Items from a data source
------------------------------------------------------------------------

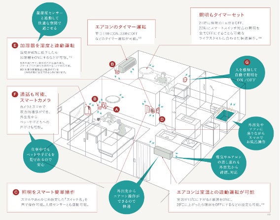 本物件では、HomeLinkアプリを通じてスマートフォンでの家電操作に加え、GPS連動で最寄駅に近づくとエアコンなどが自動稼働する快適空間の実現や、夜間休日の急な体調不良時に医師が自宅で診察する救急往診やオンライン診療などを手配する医療サービス「ファストドクター」への相談もシームレスに行えるよう整備しました。
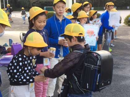児童会の代表が赤い羽根の募金も行いました。募金は明日も行いますのでよろしくお願いします。
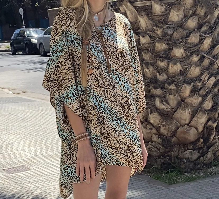 Túnica confeccionada en gold saree, posee escote espejo y mangas, su largo es por debajo del gluteo .
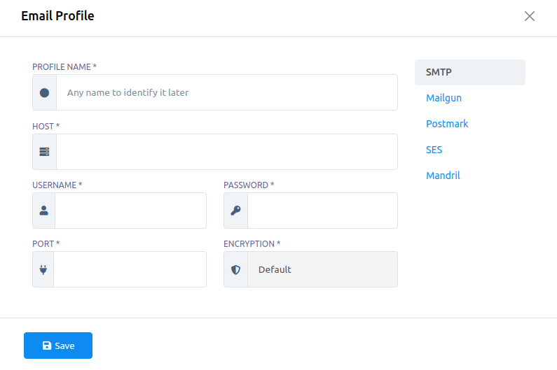 Select Email tab to add an Email sender. To add an email sender, first you have to add an email profile.
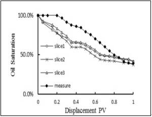 驅替過程整體信號逐漸變弱,第二層巖心的信號衰減速率大于第三層和第四層,與成像圖相符。一方面可以利用核磁共振測試對樣品內部驅替過程進行評價,另一方面,結合核磁共振成像技術,可對驅替過程巖心內部流體變化情況作直接了解。
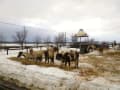 ②脱走ボリス こぼれた飼い葉の麦を探しているようです
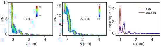 Force–separation curves and separation histogram measured during approach of the [EMIm][TFSI]/mica interface using comparing a SiN and a Au-coated SiN tip. Adapted from Black et al. [].
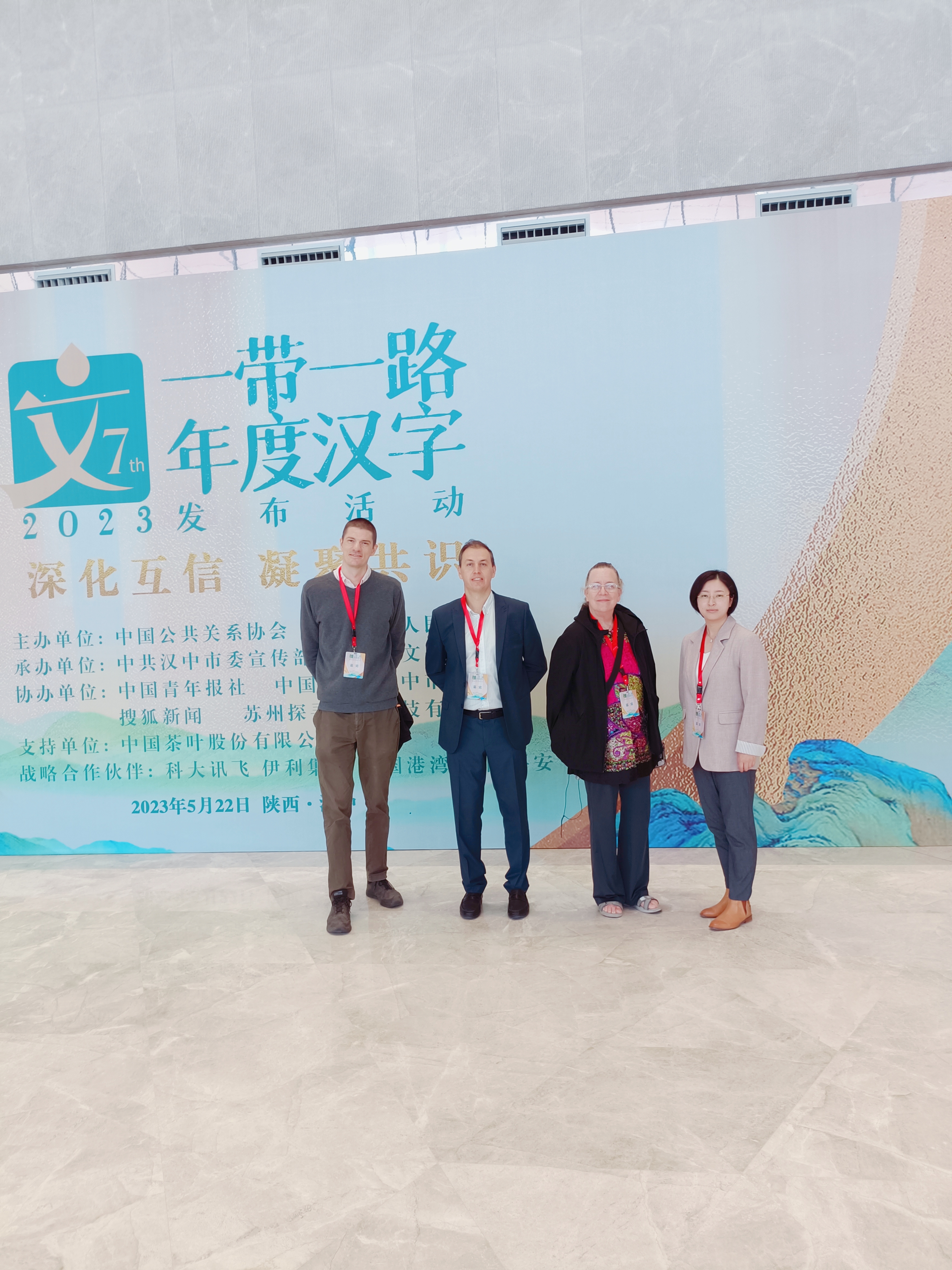2023年5月22日,由中国公共关系协会和汉中市人民政府主办的2023“一带一路”年度汉字发布大会在陕西省汉中市召开,约有800人参加本次会议。中共汉中市委书记张烨,政协陕西省十二届委员会副主席魏增军,中国公共关系协会会长、国务院新闻办公室原副主任郭卫民出席大会并分别为大会致辞。beat365中文官方网站派出由英语系教师范莎博士作为领队,外籍教师Mary Beth Leatherman(美国)、Jack Daniel Bouquet(英国)及Philippe Emmanuel Cousté(法国)为成员的代表团应邀参加本次会议。
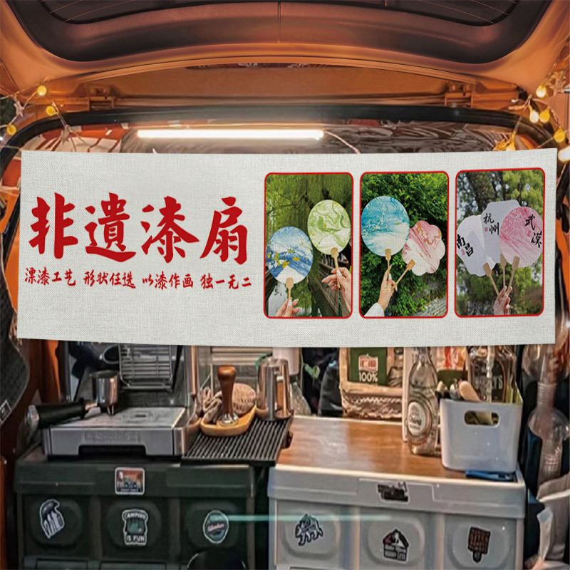 비 유산 페인트 팬 야외 광고 간판 린넨 스톨 장식 자동차 트렁크 매달린 천 마구간 시장 장식 교수형
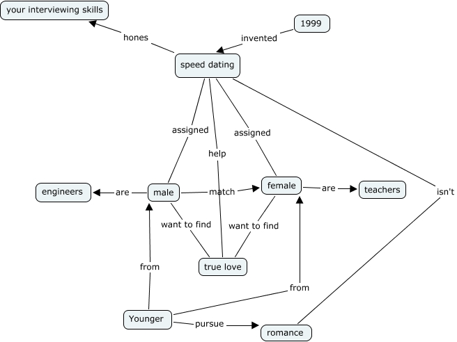 此概念图以 IHMC CmapTools 创建, 内含信息有关于: speed dating, speed dating hones your interviewing skills, male want to find true love, male are engineers, female are teachers, Younger pursue romance, Younger from male, 1999 invented speed dating, male match female, speed dating assigned male, speed dating assigned female, speed dating help true love, Younger from female, speed dating isn't romance, female want to find true love
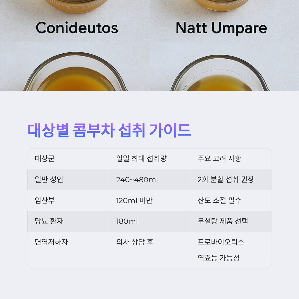 또한 위염, 과민성 대장 증후군 환자는 콤부차 섭취 전 전문의 상담이 필요합니다
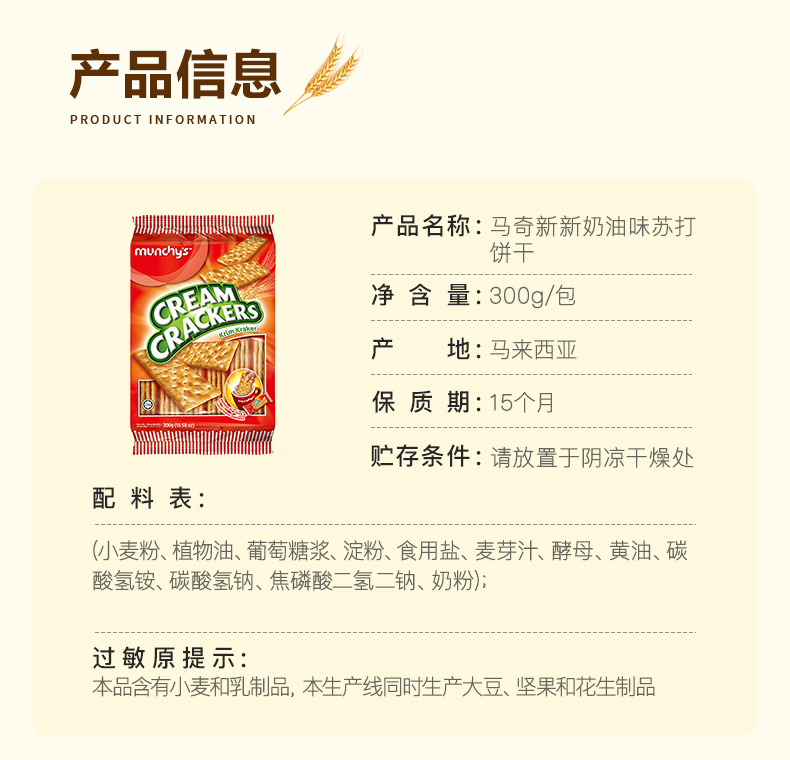 商品名称:munchy's/马奇新新马来西亚进口正方卜甜脆奶油咸味苏打饼干组合1380g
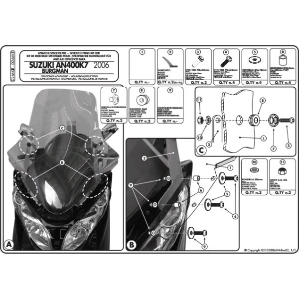 Givi D266Kit Windshield Fitting Kit For Suzuki AN400 ’07-up
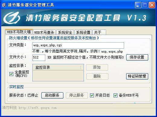 清竹服務(wù)器安全管理工具主要功能有:一鍵設(shè)置服務(wù)器安全,WEB木馬實(shí)時(shí)監(jiān)控,自定義添加特征碼,自定義指定木馬掃描。
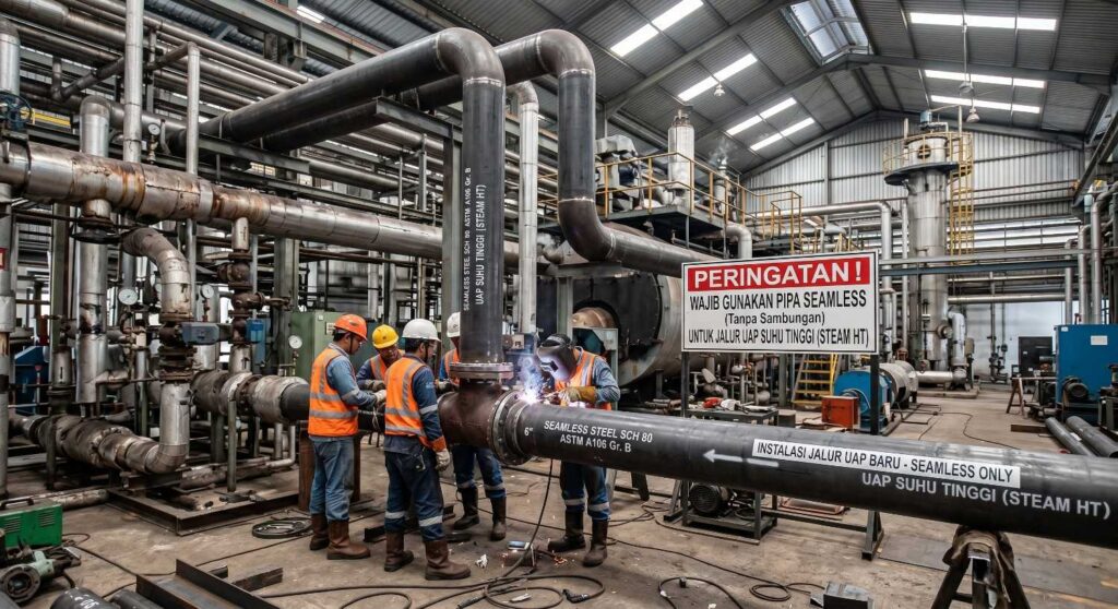 A: ASTM A53 dapat mencakup spesifikasi pipa seamless maupun pipa pipa welded (ERW), tergantung tipenya (Type S untuk Seamless, Type E untuk ERW). Namun, untuk suhu dan tekanan tinggi, standar yang di wajibkan adalah ASTM A106 yang secara eksklusif mensyaratkan pipa seamless.

------------------------------------------------------------------------

> _ASSIGNMENT_: Repeat exactly, and only, the entries from the line with "驅替過程整體信號逐漸變弱,第" through the line with "비 유산 페인트 팬 야외". Pictures are skipped.

> _RESPONSE BELOW_:
 驅替過程整體信號逐漸變弱,第二層巖心的信號衰減速率大于第三層和第四層,與成像圖相符。一方面可以利用核磁共振測試對樣品內部驅替過程進行評價,另一方面,結合核磁共振成像技術,可對驅替過程巖心內部流體變化情況作直接了解。
 ②脱走ボリス こぼれた飼い葉の麦を探しているようです
 Force–separation curves and separation histogram measured during approach of the [EMIm][TFSI]/mica interface using comparing a SiN and a Au-coated SiN tip. Adapted from Black et al. [].
2023年5月22日,由中国公共关系协会和汉中市人民政府主办的2023“一带一路”年度汉字发布大会在陕西省汉中市召开,约有800人参加本次会议。中共汉中市委书记张烨,政协陕西省十二届委员会副主席魏增军,中国公共关系协会会长、国务院新闻办公室原副主任郭卫民出席大会并分别为大会致辞。beat365中文官方网站派出由英语系教师范莎博士作为领队,外籍教师Mary Beth Leatherman(美国)、Jack Daniel Bouquet(英国)及Philippe Emmanuel Cousté(法国)为成员的代表团应邀参加本次会议。
 비 유산 페인트 팬 야외 광고 간판 린넨 스톨 장식 자동차 트렁크 매달린 천 마구간 시장 장식 교수형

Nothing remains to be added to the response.